The unicorn and the hippogriff will not be the only residents of these forests (and the existing forests of places like romantic Canada and far-off Pennsylvania). And they certainly will not be the only interesting ones. One of my favorite bumper stickers is SUPPORT YOUR RIGHT TO ARM BEARS; but of course bears do not really need assault rifles or Saturday-night specials—bears are very well armed already. What bears need are better brains (“Oh, that sort of bear!”). They will get them, and so will deer, rabbits, and just about every other kind of animal that is not already rare, and that is soft and cuddly in infancy or possessed of large and melting brown eyes. All that will be necessary is to graft the genes governing frontal-lobe development in human beings into the genetic structure of the appropriate animal in such a way that the trait will be a Mendelian dominant. Heroes of old licked the blood of the great worm or the enchanted fish from their fingers and understood the speech of beasts; the beasts themselves are about to lick it at last.
If what I have been writing here sounds revolutionary to you, you are out of touch with the scientific progress of the past few years. But now I am going to say something truly revolutionary, something that so far as I know has not been said before by anyone. It is that the landscape of fantasy is no more the landscape of myth (as is often alleged) than it is the landscape of Medieval Europe or of Attic Greece; that it is a landscape of the future, and no very remote future at that. We will have it, and we will have it because we want it—or rather, because we Poets have taught so many Alchemists to want it, planting the suggestion in stories and in essays like this one.
What of the hi-tech future envisioned by science fiction? We will have that too, indeed we have a great deal of it already. We will have it in the new cities of education and technology. (The old cities will be abandoned to the werewolves and their allies, I think.) We will have it in orbiting space colonies and in cities on the Moon and Mars. But in the rest—and that rest will have a thousand times the area—we will have meadows and woods, beast-fable, centaurs, and “magical” weapons. (No, I am no satirist. I am serious—a serious satyrist, if you like.)
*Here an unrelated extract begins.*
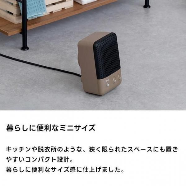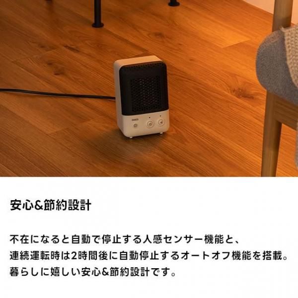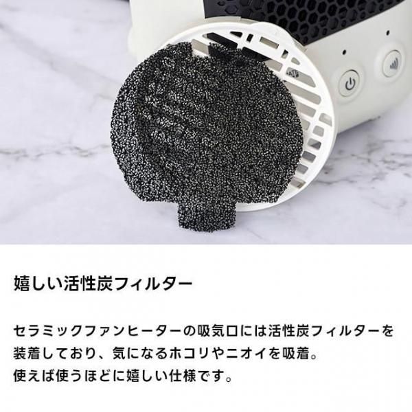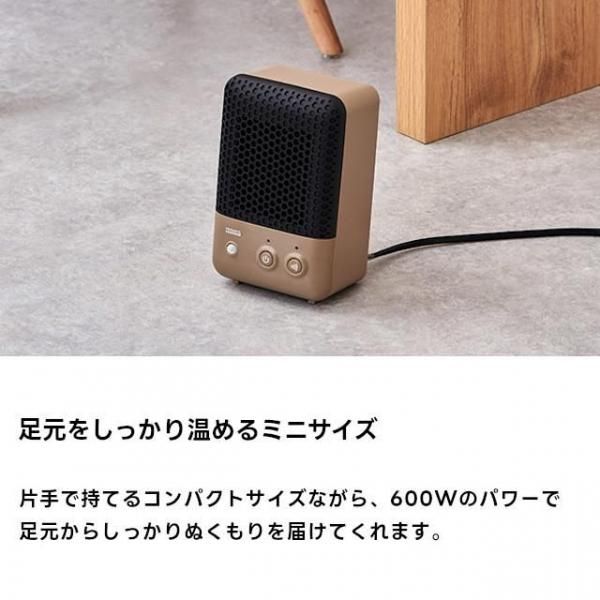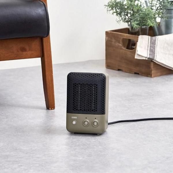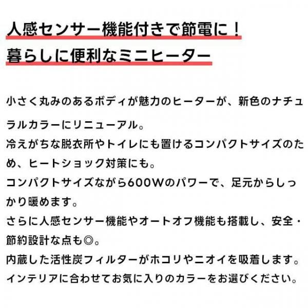人感センサー機能付きで節電に!暮らしに便利なミニヒーター 小さく丸みのあるボディが魅力のヒーターが、新色のナチュラルカラーにリニューアル。 冷えがちな脱衣所やトイレにも置けるコンパクトサイズのため、ヒートショック対策にも。 コンパクトサイズながら600Wのパワーで、足元からしっかり暖めます。 さらに人感センサー機能やオートオフ機能も搭載し、安全・節約設計な点も◎。 内蔵した活性炭フィルターがホコリやニオイを吸着します。 インテリアに合わせてお気に入りのカラーをお選びください。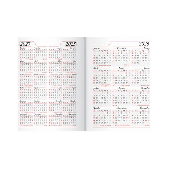 Agenda diária 2026 de couro sintético. Contém fita de cetim marca página, dados pessoais, calendário de 2025 à 2027, mapa do Brasil, mapa-múndi, índice telefônico e planejamento.

The game of chess has been the Game of Life until very recently. You can even think of the Kings as kings, Dragons as queens, Poets as knights, and so on. There is another game, however—appropriately enough called fairy chess—in which the players can invent new pieces and even change the shape of the board, imagining a cylindrical one, for example. But the game we are preparing to play in now will be like none ever seen. It will be a game in which the pieces invent new pieces (pieces that may prove to care little for Gold, Power, Truth, or Dream) and even control the shape of the board.
And if that is not a world of fantasy, Alice never slept.